About Sistema Aotearoa:
Launched in April 2011, Sistema Aotearoa is a music education and social intervention
initiative led by Auckland Philharmonia Orchestra, with funding for a two-year pilot programme
coming from the Ministry for Culture and Heritage. Sistema Aotearoa is based at Otara Music
Arts Centre (OMAC) in Otara town centre.

The first Sistema programme was founded in Venezuela in the mid-1970s. More than 400,000
children learn an orchestral instrument, and the programme has been credited with a drop in
youth crime, a rise in school attendance rates, and a reduction in the number of young people
falling into lives of gangs and drugs.

In New Zealand, initial indications suggested that the first Sistema intake would comprise 50
students; however, 80 children turned up on the first day. Sistema Aotearoa now has more
than children enrolled and attending regular classes in music instrument instruction.

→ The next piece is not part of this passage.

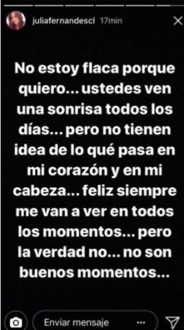 Ante la ola de comentarios, la brasileña decidió alzar la voz y escribió una dramática confesión en sus stories de Instagram. “No estoy flaca porque quiero… ustedes ven una sonrisa todos los días… pero no tienen idea de lo que pasa en mi corazón y en mi cabeza… feliz siempre me van a ver en todos los momentos… pero la verdad no… no son buenos momentos”, escribió.

The students are drawn from 7 primary schools, all within walking distance of OMAC. This is
part of the Sistema philosophy, whereby there should be no cost – and therefore no economic
barriers – to musical participation. Similarly, instruments are provided free of charge, as is the
tuition, which is supplied by professional musicians and music teachers.

As well as the after-school classes and school holiday immersion courses attended by the
core students, tutors from Sistema Aotearoa travel to the 7 schools during class time to give
lessons in general musicianship, meaning that the programme has now exposed 450 children
in the Otara area to the joys of music making.